Le Parlement libyen tente, dans la confusion, de désigner un chef de gouvernement

L’abnégation et le sens du compromis sont deux qualités essentielles à qui prétend au titre de premier ministre libyen. L’homme d’affaires Ahmed Miitig en a fait l’amère expérience, dimanche 4 mai. Quelques heures après un vote de confiance obtenu dans la confusion puis avoir prêté serment devant le Congrès général national (CGN, le Parlement) pour mener le gouvernement de transition, le politicien néophyte a dû engager des négociations avec les forces politiques contestant la légalité de son élection.

Au moment même où le Parti de la justice et de la reconstruction (PJR, l’aile politique des Frères musulmans) lui renouvelait son soutien, le premier vice-président du Parlement a prononcé l’invalidité du scrutin et restitué son titre au premier ministre démissionnaire, Abdallah Al-Theni, jusqu’à un nouveau vote.
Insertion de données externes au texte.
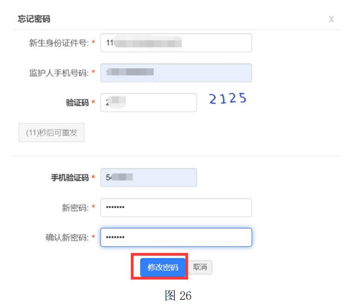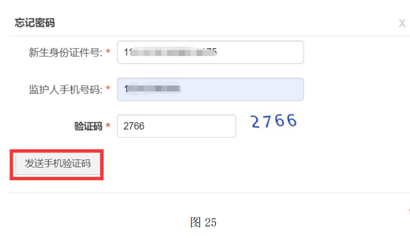 输入新身份证号及监护人手机号码、图片验证码,点击“点击发送验证码”按钮,(图 25)。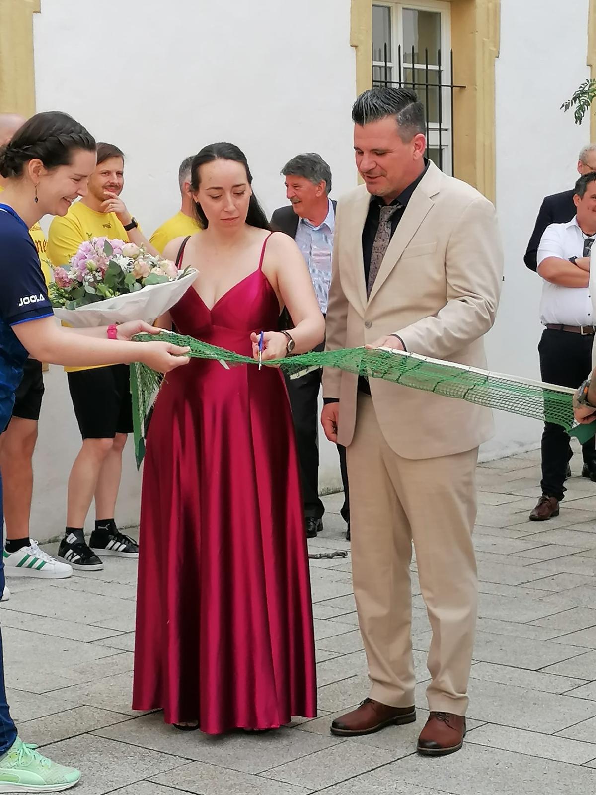 Zum Startschuss ins Eheleben und der gemeinsamen Zukunft wünschen wir den beiden viele gemeinsame Siege, keine Verlängerungen bei Diskussionen und immer genug Teamgeist. Natürlich mussten auch Andrea und Armin nach alter Tradition „das Netz“ durchschneiden, um zu den weiteren Feierlichkeiten zu gelangen. Dies haben die beiden mit Bravur und linker Hand gemeistert.

Dans l’attente d’une déclaration d’Ahmed Miitig, la Libye a désormais deux premiers ministres.

Dans l’après-midi, la victoire était à portée de main pour l’homme d’affaires de 42 ans. Dans l’enceinte du Parlement, ultra-sécurisé, M. Miitig a balayé son rival, l’universitaire Omar Al-Hassi, par 73 voix contre 44 et a vu sa candidature soumise au vote de confiance des députés. A la clôture du vote, le premier vice-président du CGN a annoncé 113 voix pour Miitig, à quelques voix près des 120 requises, sous les huées de ses détracteurs.

" Pressions sur les députés "

" Les députés islamistes ont fait pression pour avoir un vote à main levée et non secret. C’est une façon d’exercer des pressions sur les députés pour les empêcher d’exprimer leur opinion. C’est très dangereux pour la démocratie ", s’est insurgé le chef du Bloc de la libre opinion, Sharif Al-Wafi, dont les 36 membres ont refusé leur confiance à M. Miitig. Dans la plus grande confusion, le deuxième vice-président a laissé ouvert le scrutin aux retardataires, ce qui a permis à M. Miitig de s’assurer, une heure plus tard, la victoire par 121 voix. Un arrangement jugé anticonstitutionnel y compris par certains de ses amis.

Ce " coup de force " électoral imputé aux députés islamistes renforce les soupçons sur leurs liens supposés avec Ahmed Miitig. Près des deux tiers des votes lui ont été accordés par le PJR et par le Bloc Al-Wafa (" Fidélité aux martyrs "), qui compte parmi ses membres des djihadistes du Groupe islamique des combattants libyens. Des liens que réfutent ses amis proches dans les milieux d’affaires de Misrata dont il est originaire. Ahmed Miitig se pose en rassembleur. " Il est temps de rassembler les gens et de rétablir la confiance avec le peuple, a-t-il déclaré au Monde à la veille du scrutin. Il y a de nombreuses choses sur lesquelles les Libyens peuvent s’unir : le développement économique, l’amélioration des infrastructures et la sécurité. "

Sa candidature a également fédéré une partie des indépendants et libéraux qui le voient comme celui capable de redresser les finances publiques et débloquer les sites pétroliers. D’autres louent son rôle pendant le soulèvement libyen, de février à octobre 2011, et ses liens tissés avec les milices de la capitale et de Misrata, pour reprendre en mains la sécurité du pays.

Battues dans les urnes par les libéraux de l’Alliance des forces nationales de Mahmoud Jibril, les forces islamistes ont consolidé leur emprise sur le Parlement et les ministères régaliens, avec l’appui de milices. Après avoir fait voter en mai 2013 l’exclusion politique des responsables de l’ancien régime, elles ont obtenu en mars, sous la pression des groupes armés, une motion de défiance contre leur ennemi juré, l’ancien premier ministre Ali Zeidan. Son successeur par intérim, Abdallah Al-Theni a démissionné au bout de deux semaines, arguant des menaces répétées contre sa famille.

La montée en puissance des forces islamistes renforce la défiance envers le Parlement. " Pour moi, le CGN est caduc depuis la fin de son mandat, le 7 février, conformément à la Constitution transitoire, on aurait dû voter pour un autre Parlement et donc un autre gouvernement. C’est le courant de l’islam politique qui veut faire durer ce Parlement ", estime un homme d’affaires. Les parlementaires se sont engagés à organiser des élections anticipées durant l’été et font miroiter un vote sur la Constitution, actant la fin de la période transitoire. Une échéance qui s’annonce difficile à respecter.